Fourteen-year-old Mina is a champion. Every day, she overcomes obstacles to pursue her lifelong goal of becoming a world-class gymnast. At the World Champions Centre in Spring, Texas, where she trains, she endures long hours, grueling workouts and out-of-town meets that take her away from friends and family. But recently, despite her hard work and fierce determination to be the best, Mina almost met her match.
Mina was born with a venous malformation on her right cheek. A type of vascular anomaly, a venous malformation is a large, deforming purplish lesion that can form anywhere on the body, made up of a collection of abnormally formed veins that are filled with blood, but serve no purpose to the body. They can cause the area – in Mina’s case, her cheek – to enlarge and can be very painful. Unlike some other vascular anomalies, venous malformations do not go away as a child ages; they grow with the child.
Mina began gymnastics when she was 2. Since age three, she has undergone 12 surgeries and several nonsurgical treatments on her cheek. Her mother, Michiyo, explains, “Mina’s condition doesn’t restrict her from doing normal activities; however, as she grows, the mass grows as well. If we were to leave her condition untreated, she would have a massive, enlarged cheek, constant infection inside her cheek, pressure pain and potential breathing problems. Therefore, whenever the mass grew and showed symptoms, Mina needed medical treatment.”

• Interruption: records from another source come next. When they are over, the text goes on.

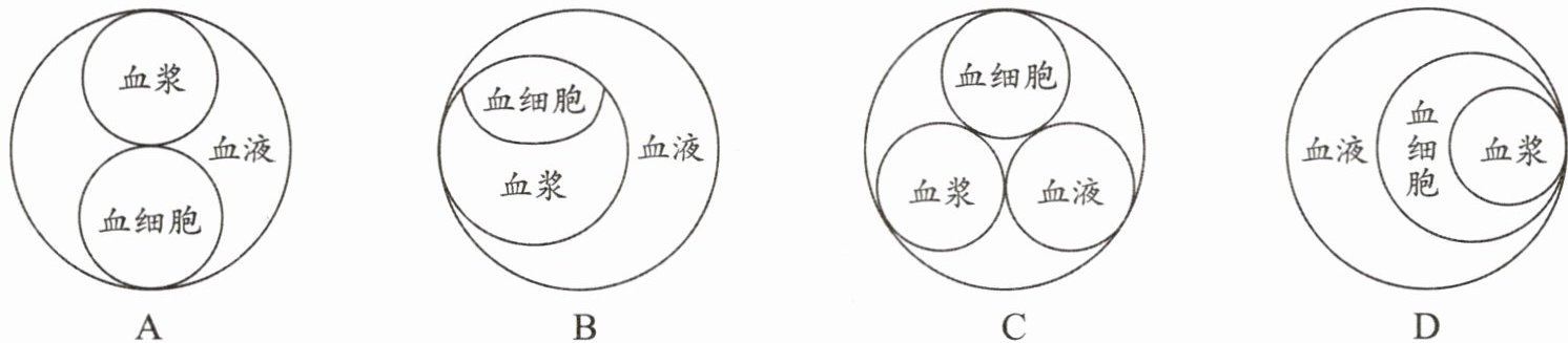 5. 下列四幅图中,能够正确表达血液、血浆、血细胞三个概念之间关系的是(
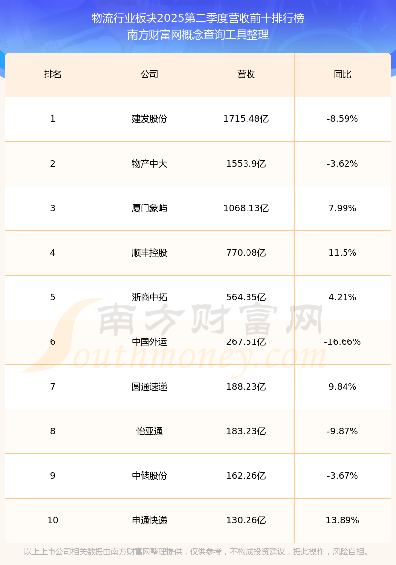 按照南方財(cái)富網(wǎng)概念查詢工具統(tǒng)計(jì),該股所屬板塊為物流行業(yè)板塊,該板塊共有57只股票,華貿(mào)物流2025第二季度營收在該板塊中排名為第17名,該板塊2025第二季度營收排名前十的股票如下表:
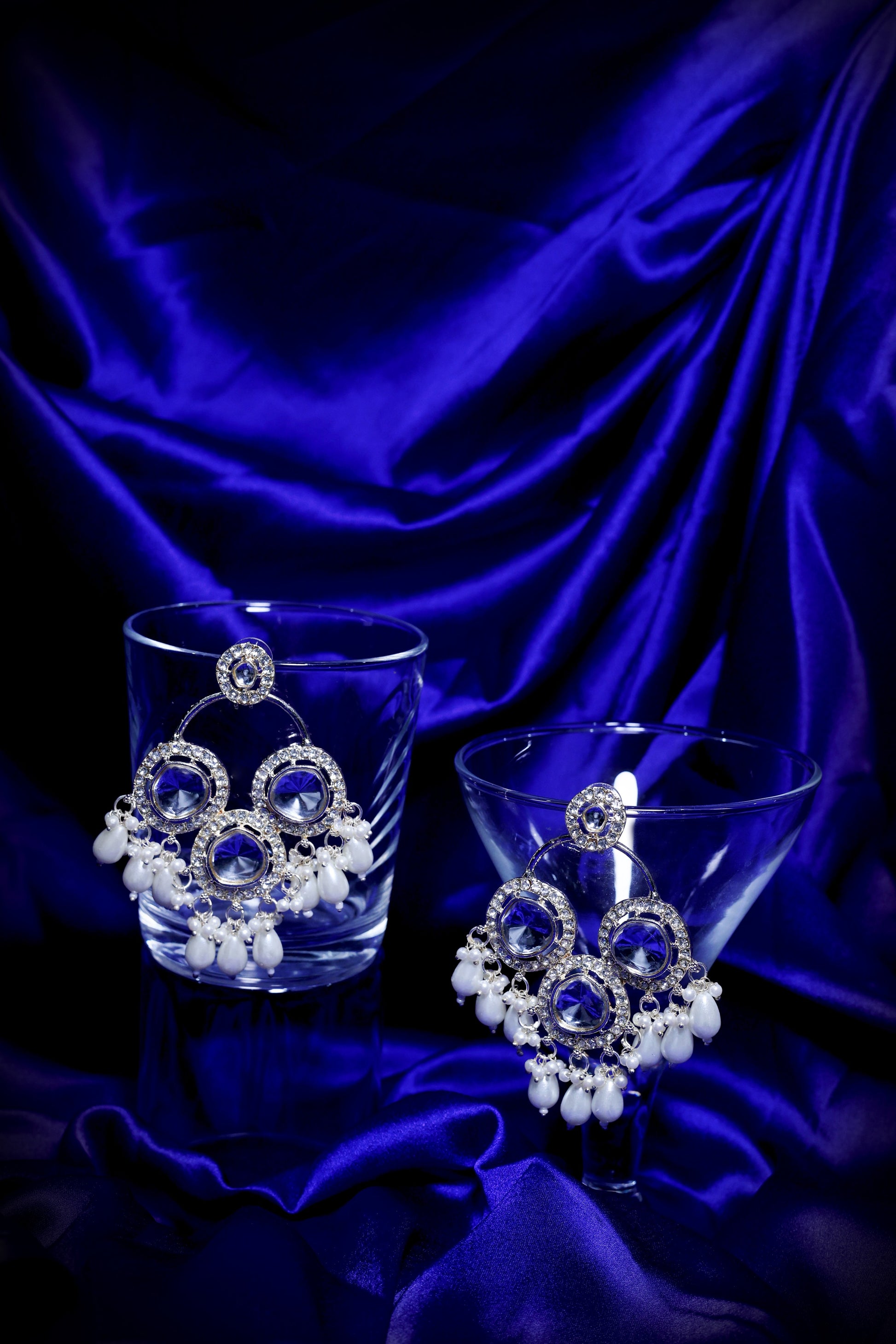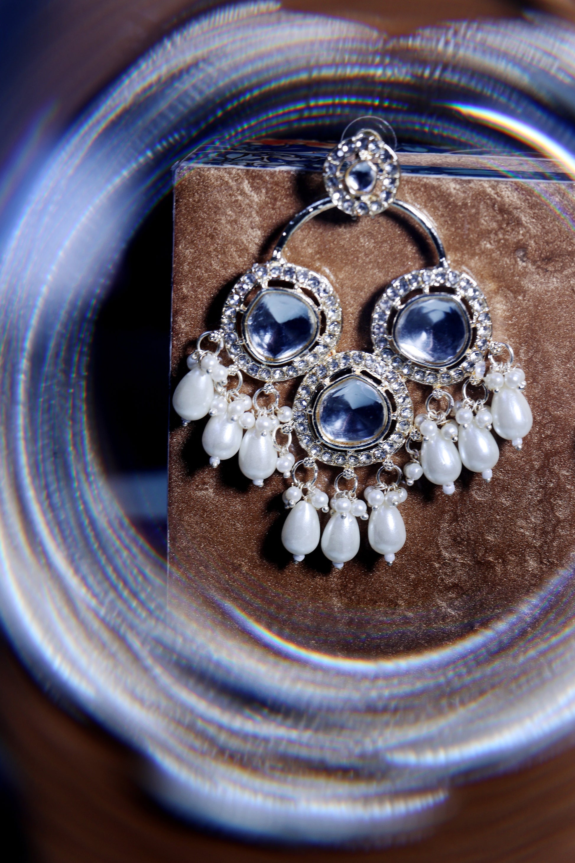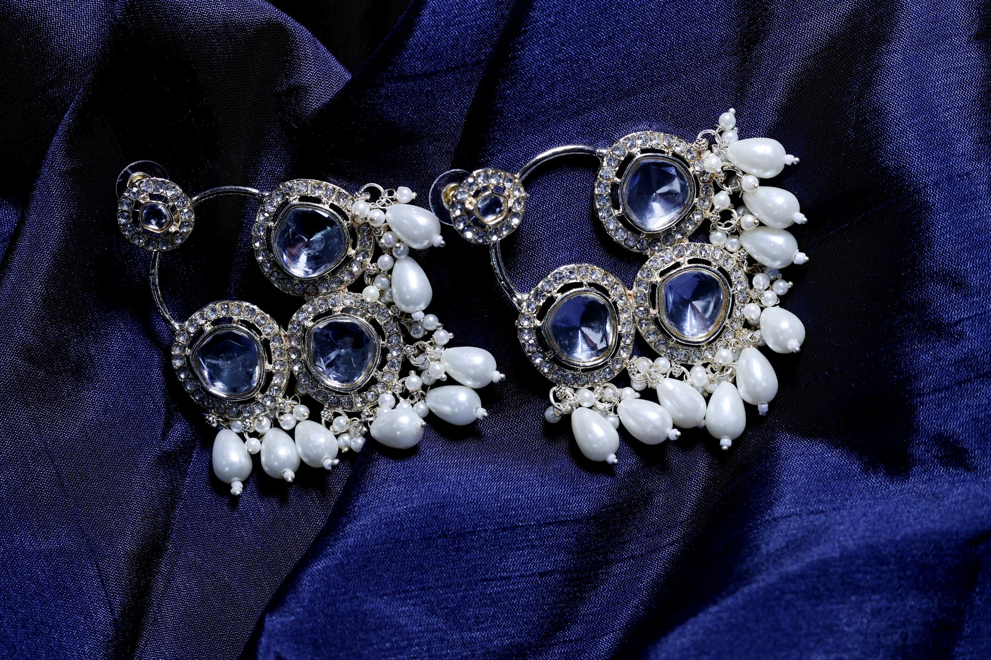 Make a statement with these kundan-inspired hoop earrings featuring dazzling stones surrounded by intricate detailing. The design is beautifully enhanced with delicate pearl drops, adding grace and sophistication. These earrings are a versatile choice for traditional wear, from weddings to festive celebrations, while also pairing beautifully with contemporary ethnic outfits.”
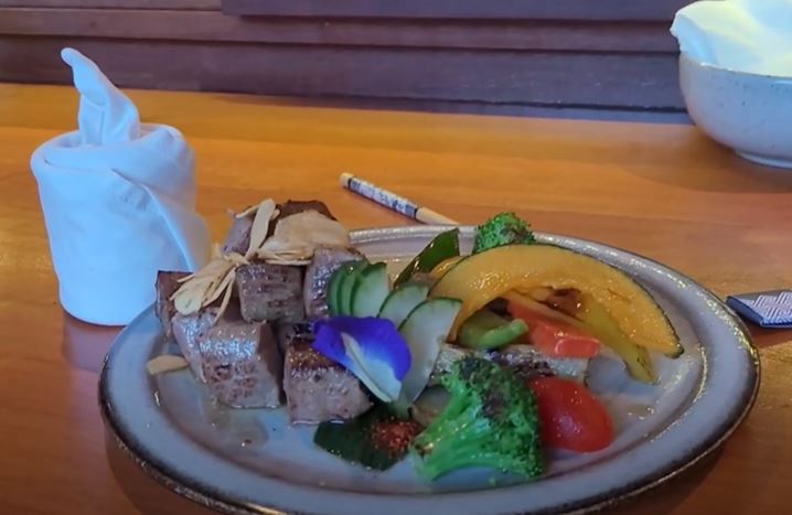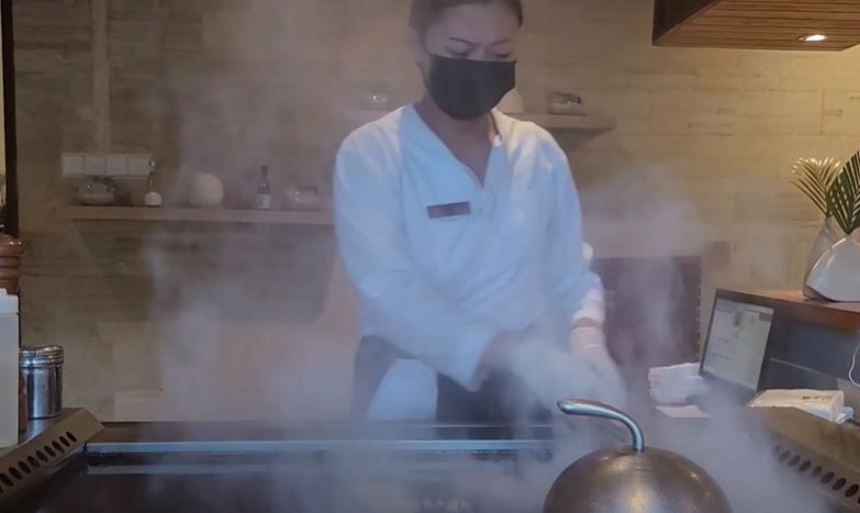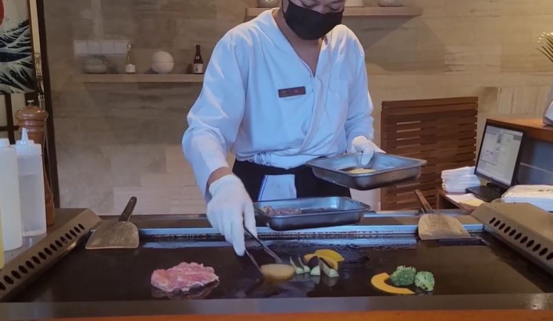 그렇게 불 쇼가 끝난 뒤에 곧 철판 요리가 나왔습니다.

Michiyo adds, “Since we are a military family, we couldn’t choose locations to live where there were doctors who could treat her condition. Every time we were relocated, we had to travel to receive her medical treatment. Before we moved to Houston, we were in Hawaii, where there was no doctor who could treat a venous malformation. So, we began looking for a place where she could do both, train and be treated.”
About a year after moving to Houston, Mina’s cheek began interfering with her training, causing her pain, especially when she performed handstands. “In between me and my teammate’s turns,” Mina says, “I would have to ice, and then take my turn to practice.” Michiyo’s research to find the best care for Mina led them to affiliated pediatric plastic surgeon Matthew R. Greives, MD, pediatric plastic surgeon at McGovern Medical School at UTHealth, affiliated with Children’s Memorial Hermann Hospital, and medical director of the interdisciplinary vascular anomalies team at UTHealth.

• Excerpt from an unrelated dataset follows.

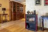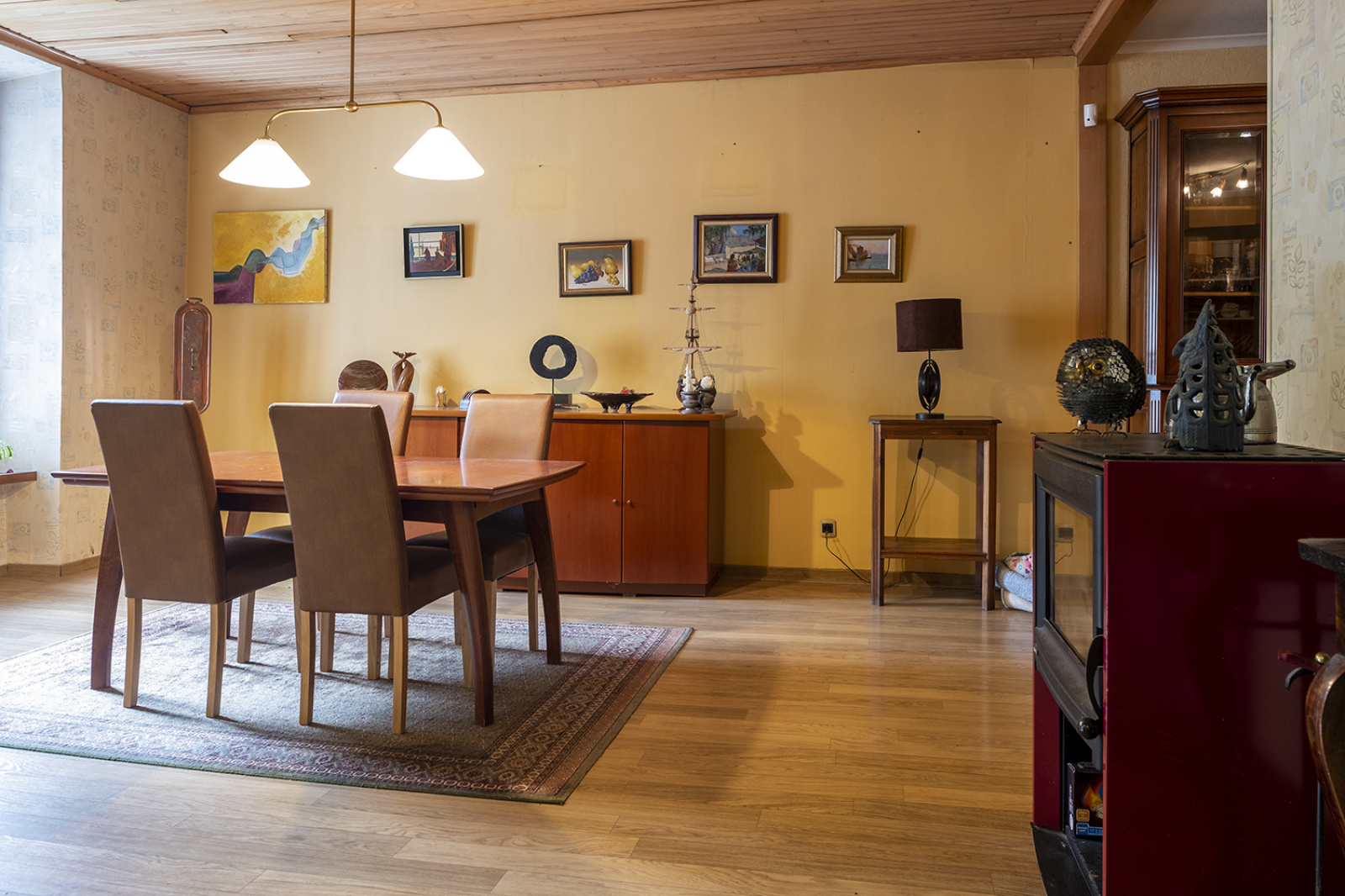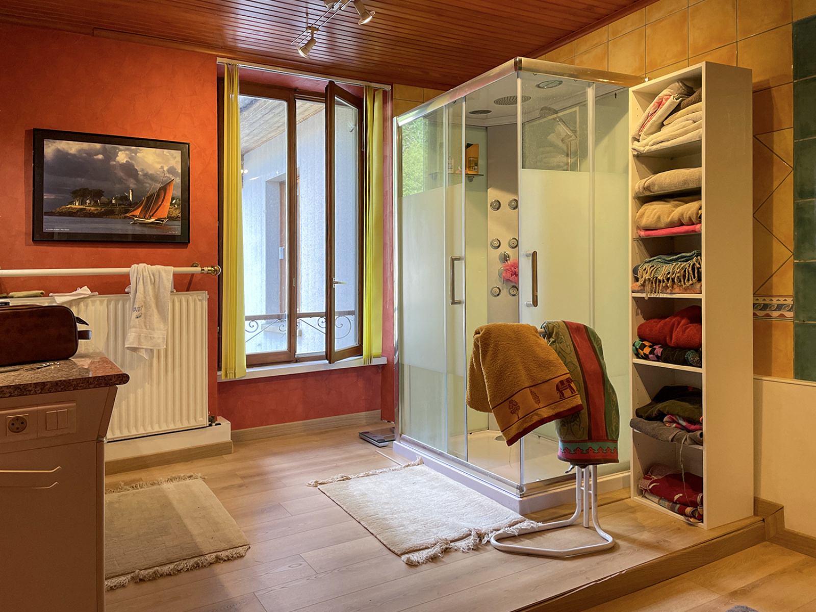 La partie habitation et commerce sont chauffées par une chaudière à condensation au gaz de ville récente (2017) + par un poêle nordique.

Dr. Greives explains that Mina’s treatment protocol was based on her specific situation. “While for some 12-year-olds with this type of lesion we might not recommend surgery, in Mina’s case, based on her high level of activity, and the fact that her lesion would fill up with blood when she trained, causing her severe pain, we recommended Mina undergo a sclerotherapy treatment, a minimally invasive treatment aimed to shrink the affected vessels.”

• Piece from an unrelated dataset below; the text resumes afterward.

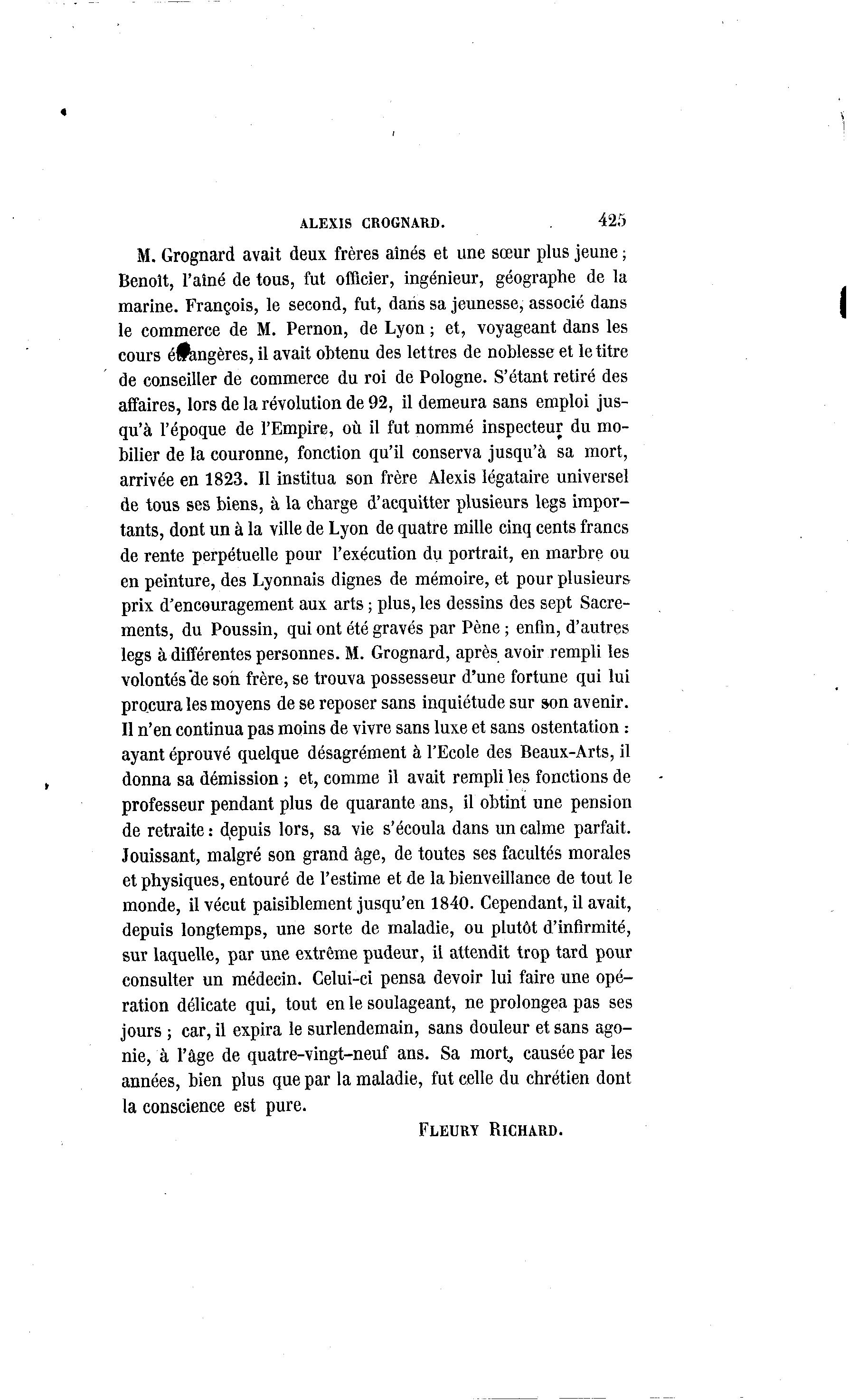 arrivée en 1823. Il institua son frère Alexis légataire universel

In May 2017, Rodrick Zvavanjanja, MD, FRCR, an interventional radiologist affiliated with Children’s Memorial Hermann Hospital and on the faculty at the McGovern Medical School, performed the procedure. “In sclerotherapy for this type of lesion, an agent is injected into the vessels in the lesion, to make them shrink,” explains Dr. Zvavanjanja. “The agent irritates the walls of the vessels, causing them to form scar tissue, then to collapse. Sclerotherapy is a minimally invasive surgery that can be performed as an outpatient procedure. Patients typically recover quickly, with little downtime.”
Mina’s cheek was swollen right after treatment, but once the swelling was gone, she was pain free, and her malformation was barely noticeable. She is now back to her regular training routine and is currently a level 10 gymnast, the highest level in the USA Gymnastics Junior Olympics Program.
Dr. Zvavanjanja adds, “The key to successful outcomes lies in appropriate patient selection and a strong team effort, which is best achieved by a multidisciplinary team with specialist interest in these unique conditions.”
Drs. Greives and Zvavanjanja are part of a larger, interdisciplinary Vascular Anomalies team that also includes nurses, nurse practitioners and specialists in pediatric dermatology, general pediatrics, general surgery, vascular surgery, neurosurgery, otolaryngology, pathology, imaging and genetics research.
Dr. Greives says, “Although venous anomalies are fairly rare, we see them quite often. We are able to provide personalized treatment to these kids.”
Mina and her family hope that through sharing Mina’s story, others with vascular anomalies will seek treatment. “We found Children’s Memorial Hermann Hospital” says Michiyo, “and we know we made the right choice.”